# Pets Wonderful (on Church Street) -- big sale



## characinfan (Dec 24, 2008)

I walked by Pets Wonderful today and they had signs all over advertising a 50%-70% off sale. They are closed Mondays so I don't know how good the prices are, but if you are downtown it might be worth checking it out.


----------



## Fish_Man (Apr 9, 2010)

interesting.. thanks for the heads up


----------



## BettaBeats (Jan 14, 2010)

rather close, would be nice to see what plants they have.


----------



## teemee (Aug 29, 2009)

*pets wonderful*



BettaBeats said:


> rather close, would be nice to see what plants they have.


good luck on the plants... they usually have hardly anything.
but they always have loads of fallowella (sp?) catfish.
and lots of dry goods.


----------



## AquariAM (Jan 28, 2010)

Here's all I have to say about that place-- I called in 2004 looking for blue paradise. "We have them"

get there he points me to dwarf gouramis "aren't those paradise?" then tried to sell me some oscars for a 35 gallon.
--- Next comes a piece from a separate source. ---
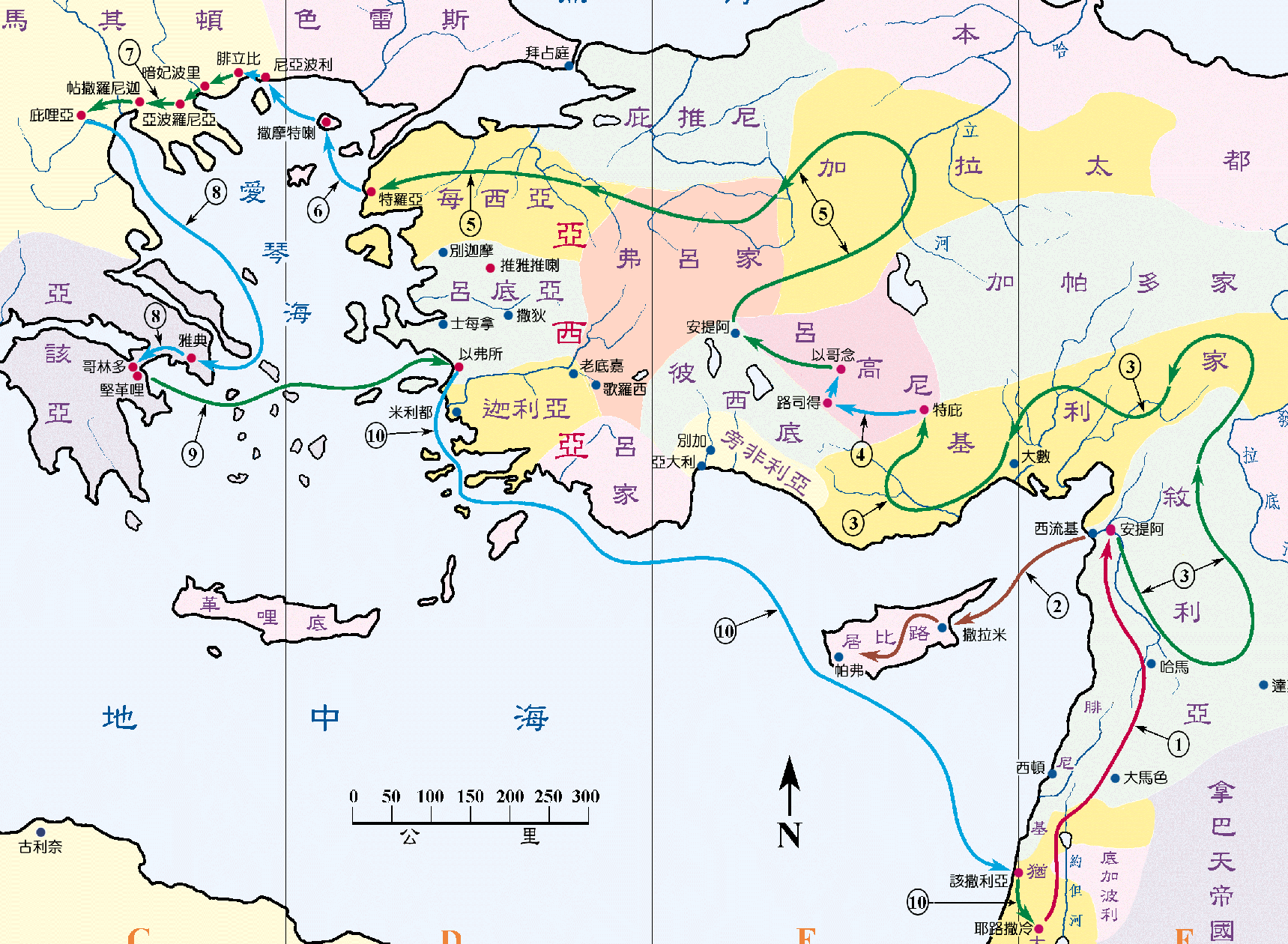 “到了以弗所,保罗就把他们留在那里,自己进了会堂,和犹太人辩论。众人请他多住些日子,他却不允,就辞别他们,说:‘上帝若许我,我还要回到你们这里。’于是开船离了以弗所。”-- 以弗所在哪里?请看图一。这是罗马亚细亚省(Asia)的省会,也是当代的第三大城,城内有很多犹太人,是宣教的要塞。(下一课再介绍)保罗在以弗所只是停留短暂的时间,他似乎要赶着回耶路撒冷,可能是过逾越节(53年3月22日)。相信他已经计划好,在下一次传道旅程会来以弗所建立宣教的基地。百基拉、亚居拉留在以弗所,直到 55年尾(林前十六:19),但在56年,他们回去罗马(罗十六:3)。我们在下一课还会见到他们。

And asked me 'what are these?' over some L144.

Incompetence wonderful is more appropriate.


----------



## Fish_Man (Apr 9, 2010)

AquariAM said:


> Here's all I have to say about that place-- I called in 2004 looking for blue paradise. "We have them"
> 
> get there he points me to dwarf gouramis "aren't those paradise?" then tried to sell me some oscars for a 35 gallon. And asked me 'what are these?' over some L144.
> 
> Incompetence wonderful is more appropriate.


maybe they are better now 6 years later...

anyone has gone yet can give us an update


----------



## teemee (Aug 29, 2009)

*pets wonderful*



Fish_Man said:


> maybe they are better now 6 years later...
> 
> anyone has gone yet can give us an update


I have been there a few times, mostly to look because it is very close to where i live. As i mentioned before, they usually have loads of fallowellas. They also often have rubbernose plecs, which I love. otherwise, they usually have lots of tetras, guppies, plecos (nothing fancy if i remember correctly), humungous apple snails... haven't been in ages. but if everything is 70% off, it might be worth a look. i might go get a fallowella, myself


----------